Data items
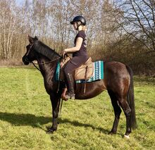 Ze is een zeer goed opgevoede en fijn te rijden pony. Ze is bereid om te leren onder het zadel en is constant in ontwikkeling. Ze heeft de neiging om snel te bewegen - ideaal voor iedereen die graag een pony heeft die graag wat sneller beweegt, maar altijd braaf en controleerbaar blijft. Ze is ook betrouwbaar in de wei, kijkt graag, maar is niet erg schichtig. Ze is western en Engels gereden voor de ontspanning. Ze geniet echt van vrijspringen en ik denk dat ze ook veel plezier zou hebben met een ruiter. Maar we hebben het nog niet geprobeerd.
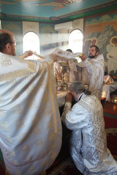 Его Преосвященству сослужили: иерей Иоанн Капитанюк, настоятель Свято-Рождественского храма, иерей Роман Капитанюк, настоятель храма св. Андрея Первозванногого ЗАТО г. Фокино; протоиерей Иоанн Манжас; иеромонах Ермоген (Крещенко).
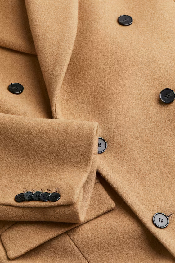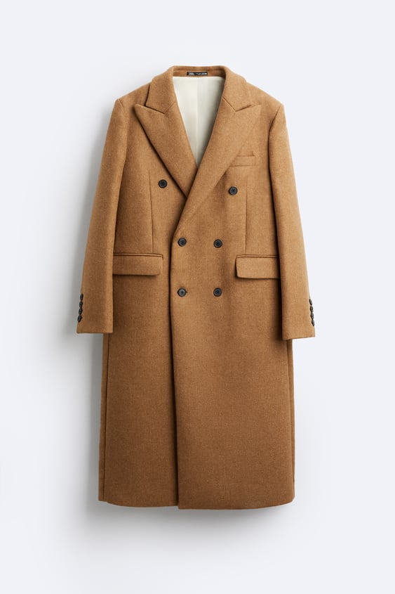 Long, double-breasted coat in a woven fabric made from a wool blend. Loose fit with peak lapels, buttons at the front, shoulder pads and long sleeves with buttoned cuffs. Welt chest pocket, jetted front pockets with a flap and a high-cut single back vent.
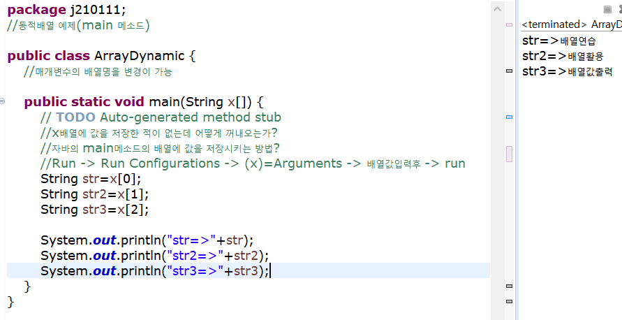 => 메인메소드에서 매개변수명은 변경이 가능하다(args -> x, y, z ...)
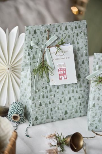 Papiertüte "grüner Weihnachtswald" mit Golddruck.
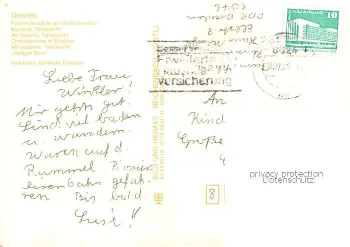 Dresden_Elbe Postmeilensaeule Mockritz Alt Gostritz Christuskirche Strehlen Alt Leubnitz Teilansicht Heiliger Born postalisch gelaufen nach 1965 Erhaltung siehe scans [FriedD77] Frierer
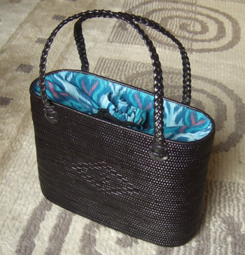 アタの黒い色も素敵ですが、中の布、バリのイカットの色合いにも惹かれました。
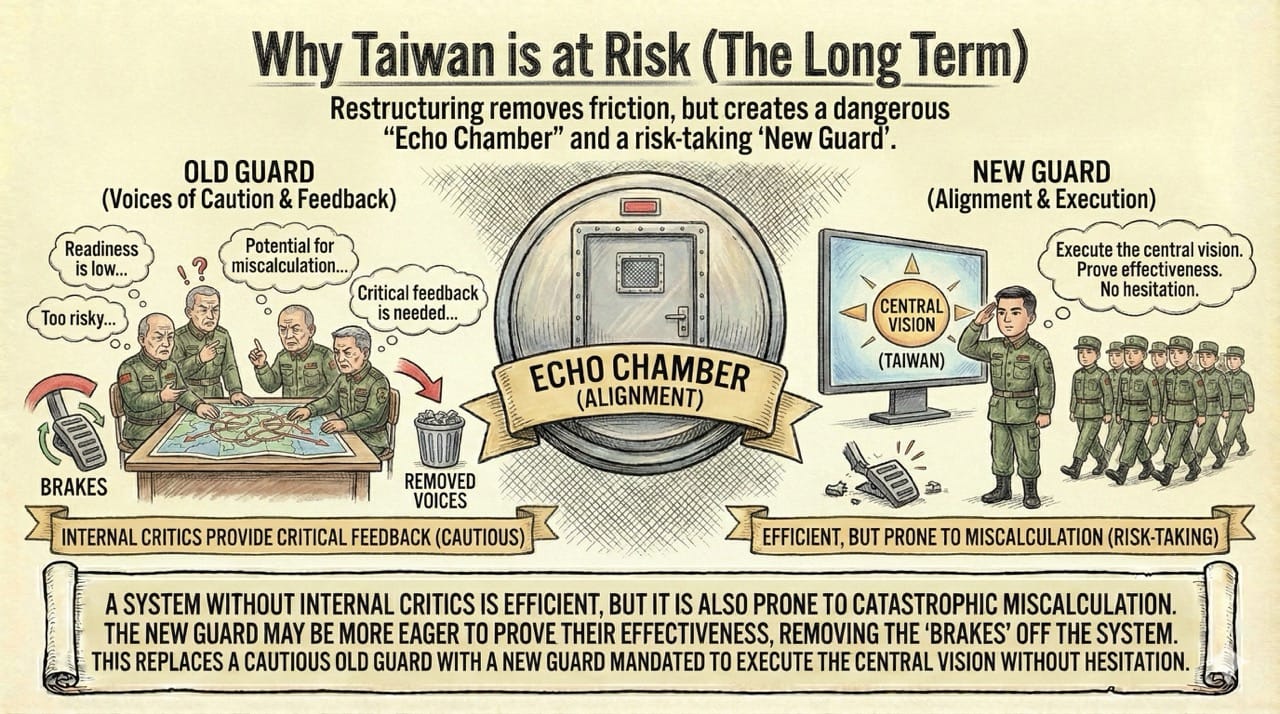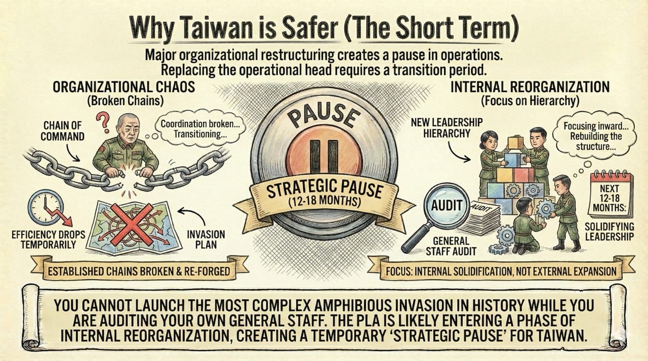 The "Strategic Pause": The PLA is likely entering a phase of internal reorganization. For the next 12 to 18 months, the focus will be on solidifying the new leadership hierarchy rather than external expansion. You cannot launch the most complex amphibious invasion in history while you are auditing your own general staff.
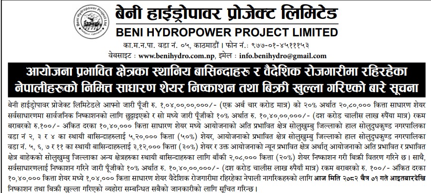 • बेनी हाइड्रोले २० लाख कित्ता सेयर निष्कासन गर्दै, अनुमतिका लागि बोर्डमा आवेदन
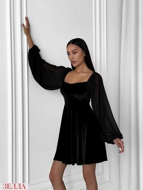 Родзинкою є напівпрозорі довгі рукави з легкого шифону, які додають сукні витонченості та повітряності. Нижня частина виконана у вигляді спідниці-кльош, яка гарно тримає форму та створює жіночний силует. Рукава можна носити спускаючи з плеча

■ TASK STATEMENT
Using the data above, set down each line from the line with "own general staff." to the line with "लागि बोर्डमा आवेदन" exactly, both ends included, and leave the pictures behind. Nothing else belongs.

■ RESULT FOR THIS EXERCISE
 The "Strategic Pause": The PLA is likely entering a phase of internal reorganization. For the next 12 to 18 months, the focus will be on solidifying the new leadership hierarchy rather than external expansion. You cannot launch the most complex amphibious invasion in history while you are auditing your own general staff.
 • बेनी हाइड्रोले २० लाख कित्ता सेयर निष्कासन गर्दै, अनुमतिका लागि बोर्डमा आवेदन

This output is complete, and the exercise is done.